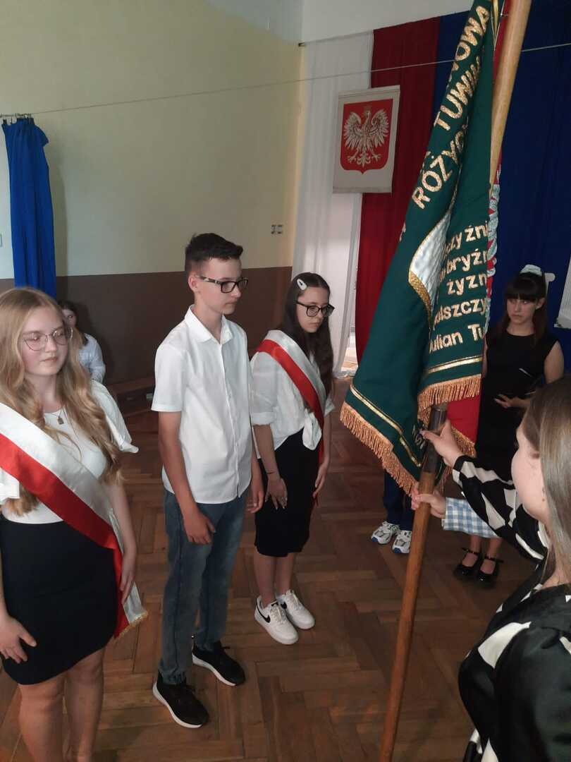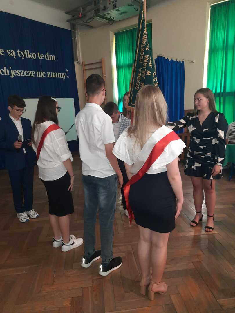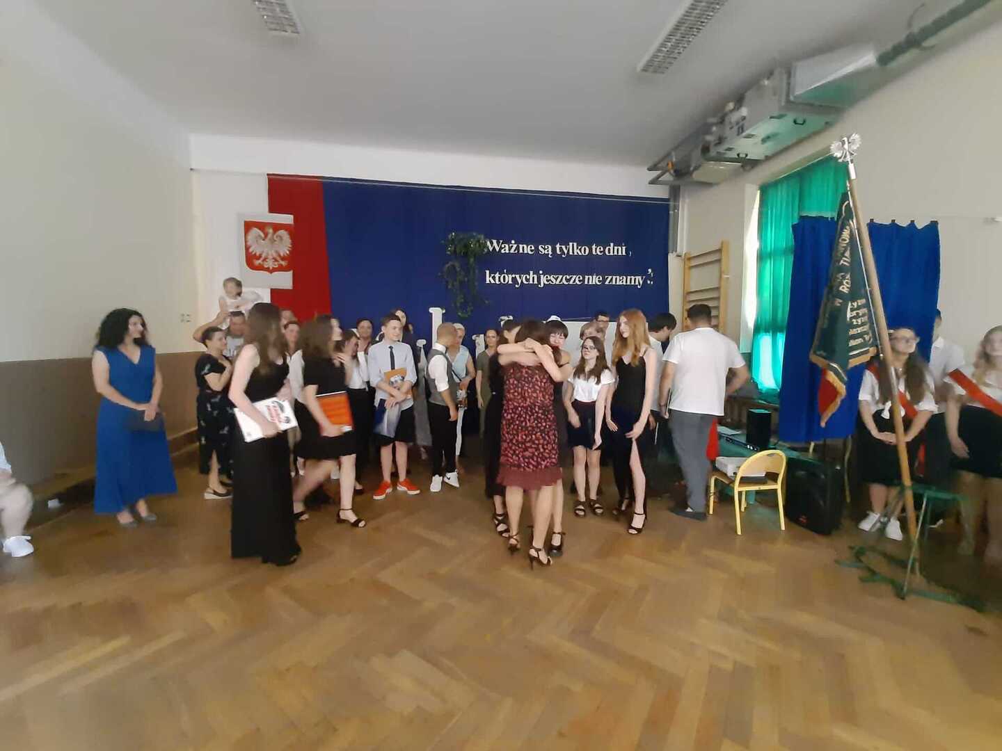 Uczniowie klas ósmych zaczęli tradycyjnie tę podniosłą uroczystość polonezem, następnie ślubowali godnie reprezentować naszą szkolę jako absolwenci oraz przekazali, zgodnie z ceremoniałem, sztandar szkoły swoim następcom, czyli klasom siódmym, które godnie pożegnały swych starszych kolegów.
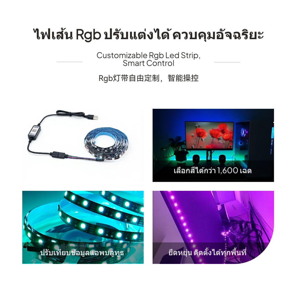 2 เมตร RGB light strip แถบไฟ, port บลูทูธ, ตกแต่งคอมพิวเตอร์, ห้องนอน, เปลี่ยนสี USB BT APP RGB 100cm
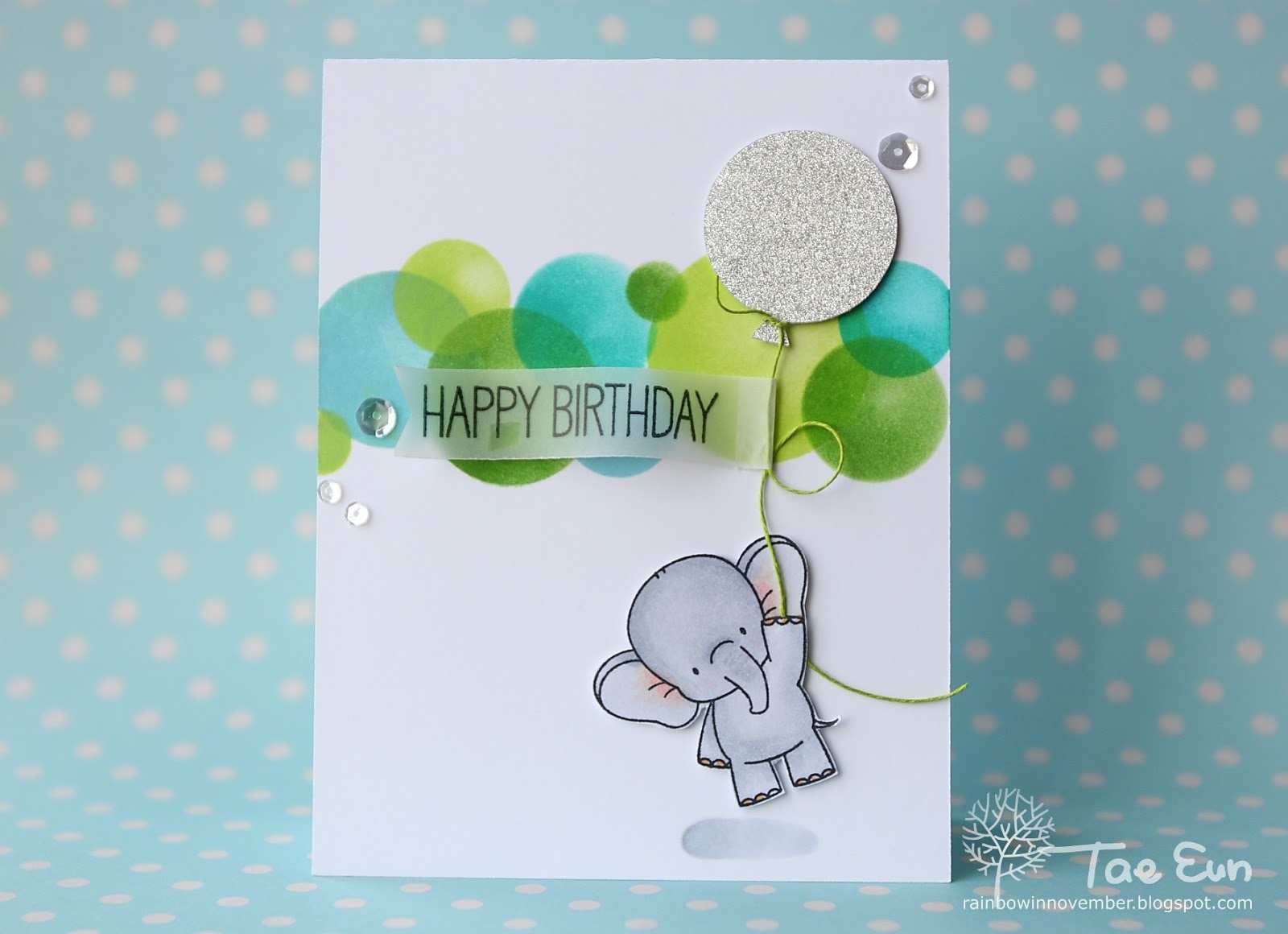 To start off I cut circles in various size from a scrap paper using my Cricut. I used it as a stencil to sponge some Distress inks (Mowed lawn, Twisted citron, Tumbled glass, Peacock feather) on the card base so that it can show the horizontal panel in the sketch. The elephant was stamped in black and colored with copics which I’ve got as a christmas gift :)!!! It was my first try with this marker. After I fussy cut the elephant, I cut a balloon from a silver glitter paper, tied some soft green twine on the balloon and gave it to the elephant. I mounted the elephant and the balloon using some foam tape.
◇ ◇ ◇ ◇ ◇ ◇ ◇
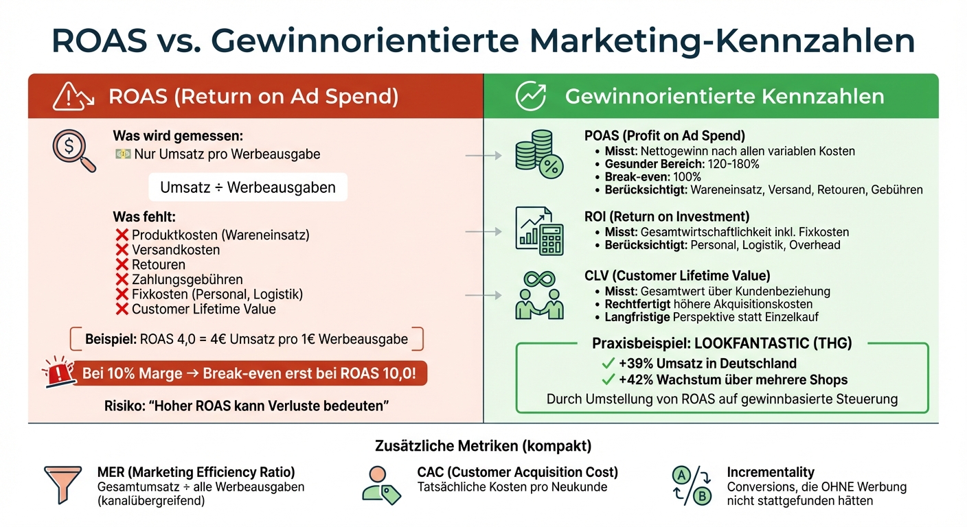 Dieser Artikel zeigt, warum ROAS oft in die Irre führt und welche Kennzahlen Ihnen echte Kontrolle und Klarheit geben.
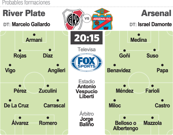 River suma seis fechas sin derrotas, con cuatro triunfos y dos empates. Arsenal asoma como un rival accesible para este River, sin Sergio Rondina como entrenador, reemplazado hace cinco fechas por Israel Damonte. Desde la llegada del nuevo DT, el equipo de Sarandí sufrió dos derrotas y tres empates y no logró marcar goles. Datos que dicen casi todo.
◇ ◇ ◇ ◇ ◇ ◇ ◇
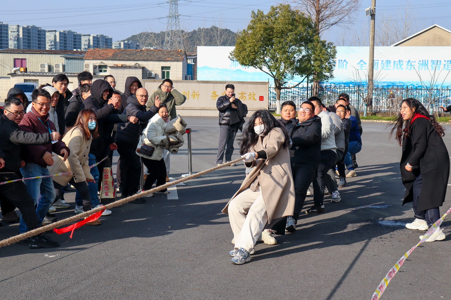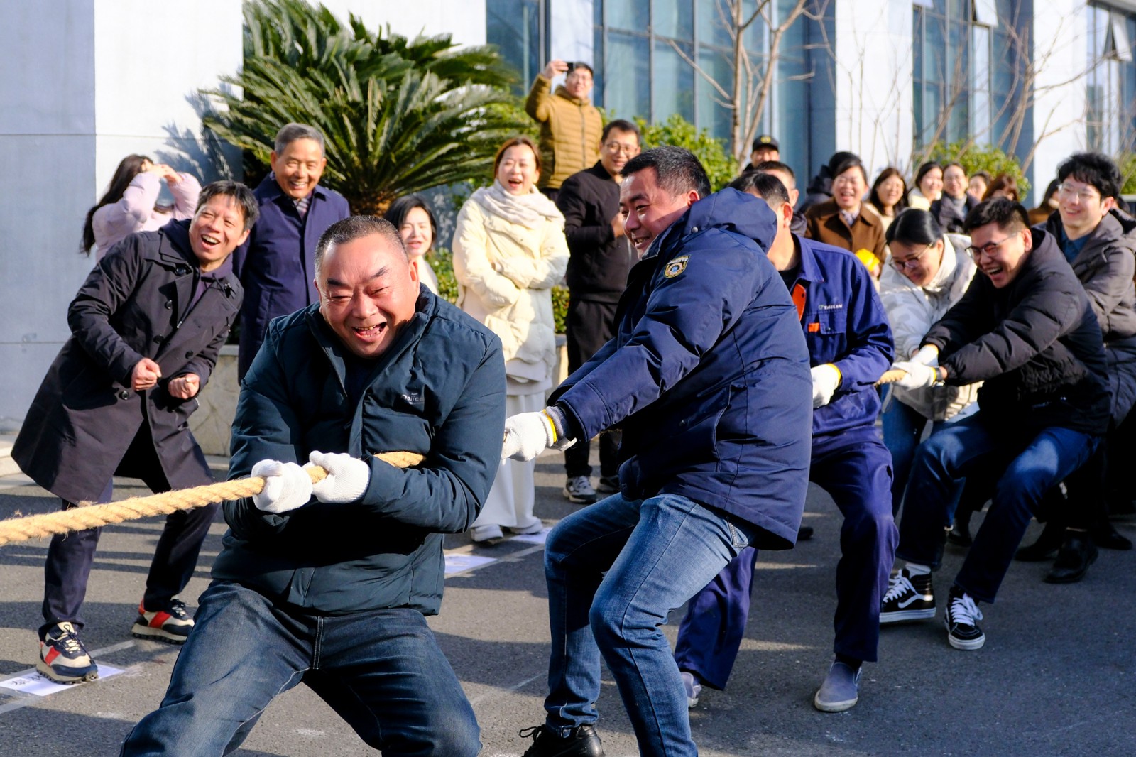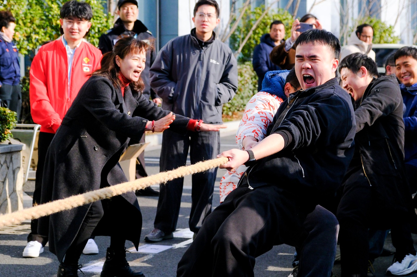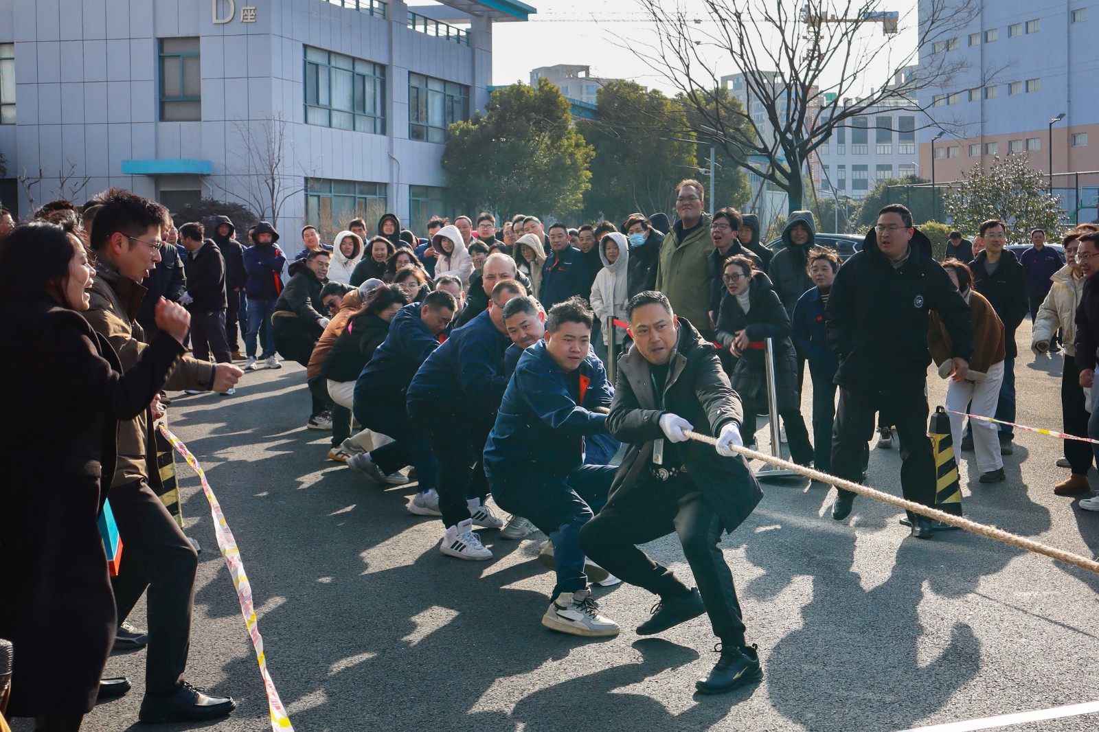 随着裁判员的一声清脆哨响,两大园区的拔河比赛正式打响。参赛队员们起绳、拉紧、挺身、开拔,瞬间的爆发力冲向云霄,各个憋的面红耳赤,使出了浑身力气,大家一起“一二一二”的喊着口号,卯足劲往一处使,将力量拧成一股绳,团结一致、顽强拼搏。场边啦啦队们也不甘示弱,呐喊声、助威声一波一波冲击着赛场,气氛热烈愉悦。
◇ ◇ ◇ ◇ ◇ ◇ ◇
> _Instructions for the task_
Among the entries above, take the line with "2 เมตร RGB light", the line with "To start off", and all the lines between them, and restate them word for word without pictures.

> _Answer to the exercise_
 2 เมตร RGB light strip แถบไฟ, port บลูทูธ, ตกแต่งคอมพิวเตอร์, ห้องนอน, เปลี่ยนสี USB BT APP RGB 100cm
 To start off I cut circles in various size from a scrap paper using my Cricut. I used it as a stencil to sponge some Distress inks (Mowed lawn, Twisted citron, Tumbled glass, Peacock feather) on the card base so that it can show the horizontal panel in the sketch. The elephant was stamped in black and colored with copics which I’ve got as a christmas gift :)!!! It was my first try with this marker. After I fussy cut the elephant, I cut a balloon from a silver glitter paper, tied some soft green twine on the balloon and gave it to the elephant. I mounted the elephant and the balloon using some foam tape.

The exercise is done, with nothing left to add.